Recent Highlights and Accomplishments

Dimebon

• Expect to complete patient enrollment in CONNECTION, a confirmatory, pivotal Phase 3 trial in patients with mild-to-moderate Alzheimer's disease, in June.
• Initiated the Phase 3 CONCERT trial in patients with mild-to-moderate Alzheimer's disease; the 12-month clinical trial is designed to evaluate the efficacy of Dimebon when added to ongoing treatment with donepezil (Aricept(R)), the leading Alzheimer's disease medication worldwide, and builds on data from a small-scale safety and tolerability trial of Dimebon added to donepezil, which found the combination to be well tolerated.
• Completed a multicenter, randomized, double-blind, placebo-controlled Phase 1 study to evaluate the safety and tolerability of Dimebon given to Alzheimer's disease patients who currently are on a stable dose and regimen of memantine (Namenda(R)) or memantine plus donepezil. The study showed that these combinations were well tolerated.
• In addition to the CONNECTION and CONCERT trials and a Phase 3 safety study already underway, we and Pfizer plan to initiate two additional Phase 3 studies in 2009 that will evaluate Dimebon in a total of approximately 1,100 patients with moderate-to-severe Alzheimer's disease.
• Expect to initiate a Phase 3 trial this year to evaluate Dimebon's potential benefits on cognition in patients with mild-to-moderate Huntington's disease.

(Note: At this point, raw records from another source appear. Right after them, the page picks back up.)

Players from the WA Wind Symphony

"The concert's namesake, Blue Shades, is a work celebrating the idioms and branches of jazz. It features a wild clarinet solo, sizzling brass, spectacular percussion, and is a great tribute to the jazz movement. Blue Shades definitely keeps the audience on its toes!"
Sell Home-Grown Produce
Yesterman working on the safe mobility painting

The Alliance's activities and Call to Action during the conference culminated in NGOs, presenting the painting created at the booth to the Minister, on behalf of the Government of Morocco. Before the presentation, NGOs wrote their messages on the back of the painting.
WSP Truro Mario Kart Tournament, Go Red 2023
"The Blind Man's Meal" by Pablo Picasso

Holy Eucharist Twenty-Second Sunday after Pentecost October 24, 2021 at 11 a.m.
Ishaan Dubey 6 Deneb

• Presented posters featuring Dimebon at the 61st American Academy of Neurology Annual Meeting in Seattle on April 29 and 30, including a poster entitled 'Estimating Disease-Modifying Effects Using a Staggered Start Approach and a Natural History Staggered Start (NHSS) Approach: Preliminary Results from a 12-Month Study of Dimebon and a 6-Month Open-Label Period.'
• Presented a poster at the American Geriatrics Society meeting in Chicago on May 1.

MDV3100

• Received written permission from the U.S. Food and Drug Administration to initiate a pivotal Phase 3 trial of MDV3100 in castration-resistant prostate cancer in men who were previously treated with docetaxel-based chemotherapy; the primary endpoint of this randomized, placebo-controlled, double-blind, multinational trial will be overall survival.

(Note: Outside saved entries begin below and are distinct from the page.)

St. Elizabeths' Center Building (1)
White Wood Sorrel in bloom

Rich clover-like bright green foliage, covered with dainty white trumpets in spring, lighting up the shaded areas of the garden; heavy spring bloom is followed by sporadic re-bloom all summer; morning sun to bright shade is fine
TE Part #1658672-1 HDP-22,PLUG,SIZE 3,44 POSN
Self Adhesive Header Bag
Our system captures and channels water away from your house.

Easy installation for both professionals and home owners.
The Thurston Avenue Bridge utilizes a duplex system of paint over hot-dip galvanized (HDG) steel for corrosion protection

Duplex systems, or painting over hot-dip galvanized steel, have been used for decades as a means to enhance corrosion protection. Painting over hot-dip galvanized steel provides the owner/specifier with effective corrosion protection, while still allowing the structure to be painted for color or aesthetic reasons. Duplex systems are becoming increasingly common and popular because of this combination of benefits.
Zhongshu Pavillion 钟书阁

• Announced publication of an article in the May 8 issue of Science, presenting the discovery, novel mechanism of action and potent anti-androgen properties of MDV3100.

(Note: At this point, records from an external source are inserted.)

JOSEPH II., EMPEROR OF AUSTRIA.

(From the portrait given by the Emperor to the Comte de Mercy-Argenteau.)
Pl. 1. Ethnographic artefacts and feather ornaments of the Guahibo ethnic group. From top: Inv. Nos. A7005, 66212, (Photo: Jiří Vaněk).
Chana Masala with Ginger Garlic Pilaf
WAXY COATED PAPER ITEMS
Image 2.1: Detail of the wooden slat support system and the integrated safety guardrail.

• Conducted a podium presentation featuring MDV3100 at the 2009 American Urological Association Annual Meeting in Chicago on April 26.
• Received acceptance by the American Society of Clinical Oncology (ASCO) of an abstract, entitled 'Antitumor activity of MDV3100 in a Phase 1-2 study of castration-resistant prostate cancer (CRPC),' for oral presentation at the 2009 ASCO Annual Meeting on May 30 at 4:15 p.m. Eastern Time.
• MDV3100 abstract selected by ASCO for inclusion in the Best of ASCO(R) program, an educational initiative covering highlights from the ASCO Annual Meeting to increase global access to cutting-edge science.